That may be, but that it be doesn't make it the right direction in which we should allow our society to progress. I'll be damned and dead before I encourage or support moving away from the principle of the Golden Rule. And since this is a thread about moral philosophy, I think that is a relevant to consider for the point of morality is to address and resolve what should be not what is or was.
You are a little confused about the Golden Rule. It has nothing to do with respecting other people's rights to destroy each other.
??? No, I am most definitely not confused about it.
Would you want someone else to destroy you? I am going to assume your answer and everyone else's is "no." Therefore, don't destroy someone other than yourself.
If I am of a mind to destroy someone, I must ask myself, "Would I want them to destroy me?" My answer is "no." Therefore I must refrain from destroying them.
Is it really that difficult to see that the rule applies to every action quite easily? All the reasons why I might initially conceive to destroy another don't matter. What does matter is the act I want to commit, destroying them. All the reasons why my answer is "no" don't matter. What matters is that my answer is "no."
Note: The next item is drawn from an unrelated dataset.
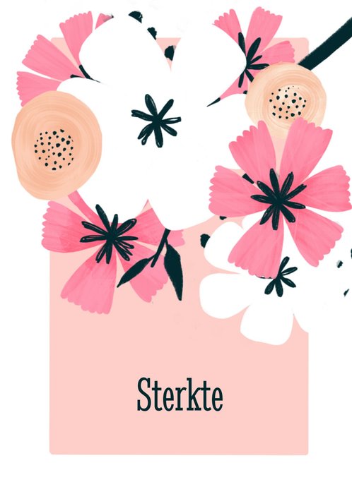Op deze mooie condoleance kaart met bloemen staat: Sterkte.

Why is it really just that simple? Because all those reasons -- the reasons why I want to destroy another and reasons why I don't want to be destroyed by another -- can change, but the act itself, every act in fact, once performed cannot be unperformed. One may be able to make restitution for having performed it, but act, once done, is done; it is at that instant a fact of history. When someone figures out how to reverse the flow of time itself I will almost surely have to reconsider the value of the Golden Rule. For now, however, nobody has accomplished that.